Well, here it is – my second furniture refinishing project.

While I thought I was buying a vanity that qualified as an antique, according to sources from The Oracle, it would have to be over 100 years old, and antique dealers would say 150 years old.  More research reveals that if it has machine made dovetails in the drawers, it was made some time after 1860, when that machine was invented (if i’m remembering correctly).  I haven’t found any distinguishing marks on the vanity, and searches of antique sites didn’t reveal anything either, so for now I’ll assume that it’s vintage and move on.

My intent was always to paint thing thing – but I have to admin to feeling some misgivings about painting something that might be considered an antique.  I’m not sure where the reluctance comes from, but it has been slowly seeping away the more I work with this piece.  Firstly – the vanity is not in great condition. While the wood is structurally sound, the mirror is scratched, the veneer is peeling, it’s missing a castor, and it has suffered some sort of wax dripping torture.  And secondly, it’s a deep dark brown, I didn’t want to retain it the same color (BORING) or sand it down and do it a lighter color (BACKBREAKING).  But that reluctance to potentially butcher a beloved (and potentially valuable, how would I know?) antique, drove me to address the bubbling veneer issue before I pulled out the paintbrush.IMG_5555

I ventured to our town’s Rockler Woodworking store – I’d never been in, but had always wanted to, to investigate replacing this piece of veneer.  I brought in the most severely damaged drawer – its veneer had buckled and curved, but was still attached at both ends, creating a large wave on the drawer front.  I assumed I would need to apply a new piece of veneer ($30), which I was pleased to learn they sold, but the friendly gentlemen behind the counter suggested I use a hot iron, a wet towel, and some Hyde Glue ($9) to straighten the wave.  So on my merry way I went with a new bottle of glue and a reinforced faith in the goodness of humankind.

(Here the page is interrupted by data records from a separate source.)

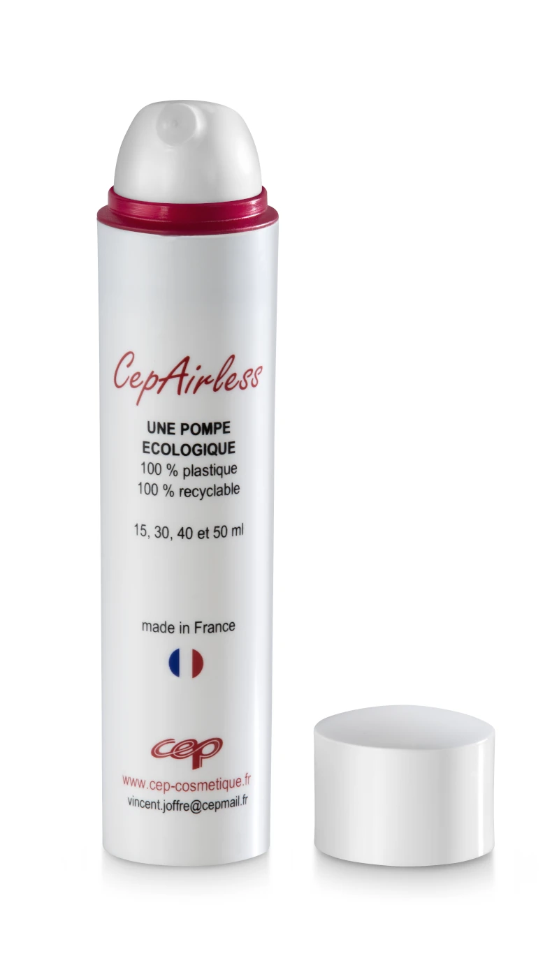 Quant à notre flacon pompe CepAirless Original, il est conçu sans métal (recyclable sur les chaînes de tri actuel). Il permet une restitution de 97% de la crème et peut intégrer jusqu’à 15% de matière PCR ».
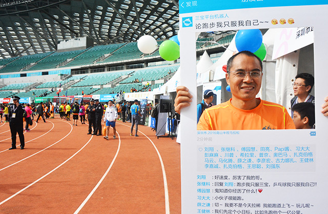 11月27日,在深圳南山半程马拉松活动现场,上演了一幕温暖感人的求婚大戏,刚刚陪女友一同跑完马拉松的小宝便单膝跪地,拿出准备好的戒指鲜花,在马拉松的终点三宝平台机器人展位前,向女友求婚,结束了这场长达5年的"爱情马拉松"。
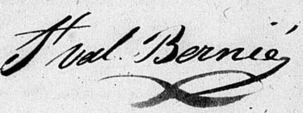 “Certifions à ceux à qui il appartiendra que le nommé Sainval Bernier, porteur des présentes, âgé d’environ vingt-deux ans, est né dans cette isle et que je n’ai point entendu de plaintes contre sa conduite.
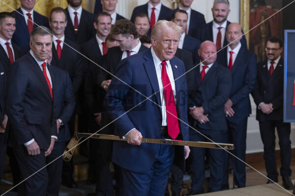 United States President Donald J Trump departs with the gold plated hockey stick presented to him while hosting the National Hockey League’s Stanley Cup winning Florida Panthers at the White House
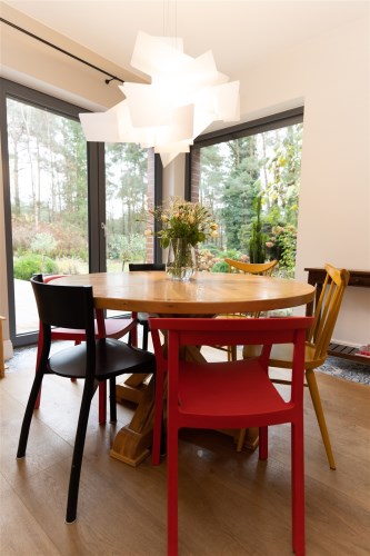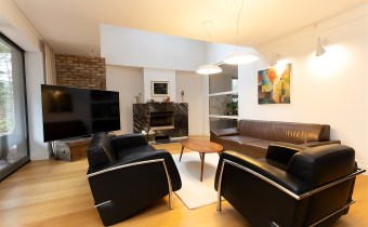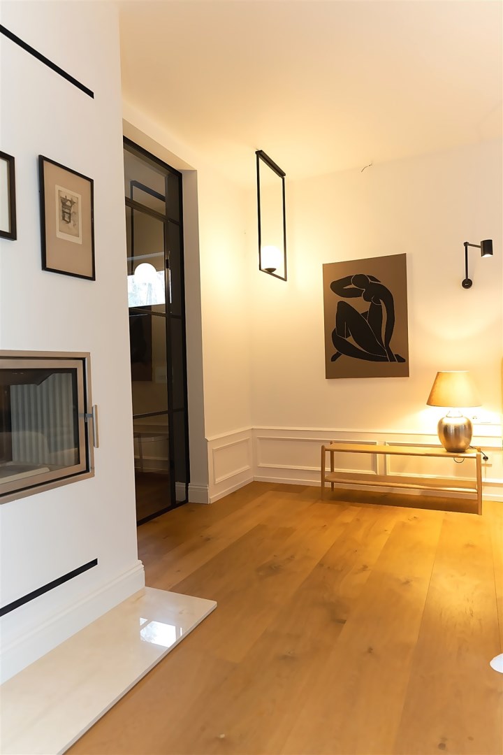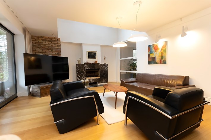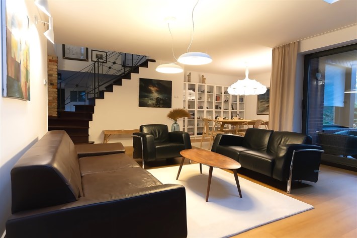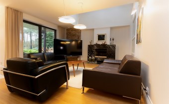 Na parterze o przemyślanym, funkcjonalnym układzie od wejścia wita przestronny salon z kominkiem, ciepły, przytulny i pełen charakteru. Salon z częścią jadalnianą. Salon stanowi serce domu – przestrzeń spotkań i odpoczynku. Z salony wyjścia na jeden z tarasów - idealne miejsce do spędzania wolnego czasu przy porannej kawie lub spotkań z bliskimi przy wspólnym posiłku

A few days later, after purchasing an old iron from GoodWill ($4), I attempted to soften and re-glue the drawer.  This was a *major* fail.  The repair process was to wet a shop towel to slightly less than dripping, then apply it to the damaged veneer for ‘a bit’.  I gave it about 3 minutes.  Then I put the hot iron on the towel and let is sit for another minute.  When I lifted the iron and towel, the original wave was gone, replaced by new ripples in the veneer perpendicular to the original damage!  I thought it was progress, so I repeated the repair steps, but when I removed the iron a second time, the ripples were still there, but the wood had expanded and cracked, and now overlapped in one section. Instead of repairing the veneer, I seem to have cooked the veneer past any usability.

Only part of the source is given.